Na Straży
nr 2014/5

O Jerozolimie w historii i proroctwach (cz. 1)

Miasto inne niż wszystkie

„Jeśli zapomnę cię, Jeruzalem (…)” – Psalm 137:5.

W dzisiejszej lekcji biblijnej zwrócimy się do Jerozolimy, o której tak często myślimy, a tak mało mówimy. Myślimy zawsze, o czymkolwiek mówimy z Biblii. Wtedy bowiem zawsze w tle naszego mówienia, w tle naszej świadomości istnieje to miasto, od pradawna nieodłączny element historii biblijnej, proroctw i nadziei wierzącego ludu.

W Psalmie 122:1-3 (NP) czytamy słowa: „Uradowałem się, gdy mi powiedziano: Do domu Pana pójdziemy! Stanęły stopy nasze w bramach twych, o Jeruzalem! Jeruzalem!

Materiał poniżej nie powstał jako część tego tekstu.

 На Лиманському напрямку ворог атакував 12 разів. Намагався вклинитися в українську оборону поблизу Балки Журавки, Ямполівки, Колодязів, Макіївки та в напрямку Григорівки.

Zbudowane jak miasto, całe w jedno zespolone, do którego pielgrzymują plemiona, plemiona Pana, według prawa Izraela, by tam wysławiać imię Pana!”.

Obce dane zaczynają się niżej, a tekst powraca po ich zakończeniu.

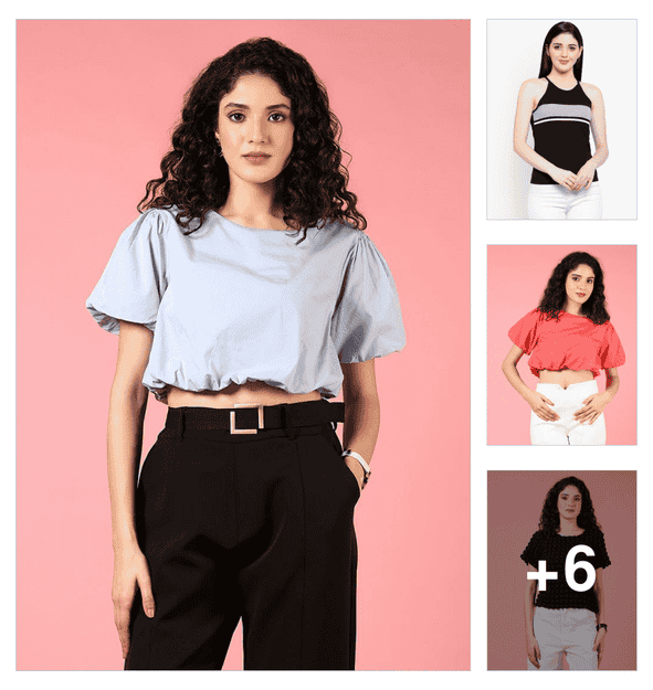 women's crop collared top

W słowach tych widzimy radość i uwielbienie dla Jerozolimy, która w świadomości Żydów od najdawniejszych czasów uchodziła za miasto święte. Od czasów Salomona świętości dodawała Jerozolimie wspaniała świątynia, wzniesiona przez tego syna Dawida. Była ona jednym z cudów ówczesnego świata. Zbudowana na wzgórzu Syjon, dominowała nad miastem i okolicą, przyciągając wzrok wszystkich, radując pielgrzymów zdążających do niej. W zacytowanym psalmie mamy tylko jeden z przykładów tej chwały, jaką starożytni Izraelici otaczali to miasto, które w przyszłości miało stać się obrazem Nowego Jeruzalem, zstępującego z nieba na ziemię.

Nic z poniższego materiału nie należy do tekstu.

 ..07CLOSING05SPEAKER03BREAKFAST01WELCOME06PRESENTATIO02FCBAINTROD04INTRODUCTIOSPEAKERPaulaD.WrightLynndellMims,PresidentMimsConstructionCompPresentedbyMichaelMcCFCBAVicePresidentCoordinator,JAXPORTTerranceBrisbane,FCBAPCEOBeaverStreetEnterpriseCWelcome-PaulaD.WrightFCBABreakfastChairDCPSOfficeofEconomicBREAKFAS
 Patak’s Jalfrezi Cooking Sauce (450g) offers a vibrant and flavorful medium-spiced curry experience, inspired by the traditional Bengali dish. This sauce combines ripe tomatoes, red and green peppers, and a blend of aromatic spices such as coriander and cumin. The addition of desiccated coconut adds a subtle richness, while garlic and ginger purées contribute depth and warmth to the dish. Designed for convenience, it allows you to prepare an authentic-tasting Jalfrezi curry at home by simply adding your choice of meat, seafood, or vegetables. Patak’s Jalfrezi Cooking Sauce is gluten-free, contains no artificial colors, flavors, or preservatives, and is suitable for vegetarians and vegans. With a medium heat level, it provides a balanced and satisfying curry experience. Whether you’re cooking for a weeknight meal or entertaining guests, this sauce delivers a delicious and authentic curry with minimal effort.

Największym marzeniem rozproszonych po całym świecie Żydów było zawsze znaleźć się chociaż raz w życiu w Jerozolimie. „Na przyszły rok w Jerozolimie” – tymi słowami pozdrawiali się Żydzi przez całe stulecia, gdziekolwiek się znajdowali, nawet ci, którym nigdy nie było dane znaleźć się w świętym mieście. Jeruzalem wypełniało całą ich świadomość, było uosobieniem wszystkiego, co piękne, wspaniałe, święte i wielkie.

„Jeśli zapomnę cię, Jeruzalem, Niech uschnie prawica moja! Niech przylgnie język mój do podniebienia, jeślibym nie pamiętał o tobie, jeślibym nie wyniósł Jeruzalemu nad największą radość moją!” – tak śpiewali w Psalmie 137:5-6 wygnańcy izraelscy, uprowadzeni przez Nabuchodonozora do Babilonu. Autor „Pieśni nad pieśniami” porównuje do Jeruzalem swoją ukochaną: „Jesteś piękna, moja przyjaciółko, jak Tyrsa, pełna wdzięku, jak Jeruzalem” (6:4). Jeruzalem było i jest miastem ukochanym przez wszystkich Żydów i tę miłość do niego spotykamy na kartach Biblii od najdawniejszych czasów.

Jerozolima, miasto niezwykłe dla Izraelitów, była także częścią Boskiego Planu Wieków i nieodłączną częścią proroczego objawienia. Po wielekroć występuje jako punkt odniesienia w proroczych obrazach i wizjach Izajasza, Jeremiasza, Ezechiela: „Wyjdź na górę wysoką, zwiastunie dobrej wieści, Jeruzalem!” – nawołuje Izajasz w rozdziale 40:9. „Wielki jest Pan i godny wielkiej chwały w mieście Boga naszego, na swej górze świętej. Pięknie wzniesiona jest rozkosz całej ziemi, Góra Syjon, na krańcach północnych, miasto Króla Wielkiego” (Psalm 48:2-3).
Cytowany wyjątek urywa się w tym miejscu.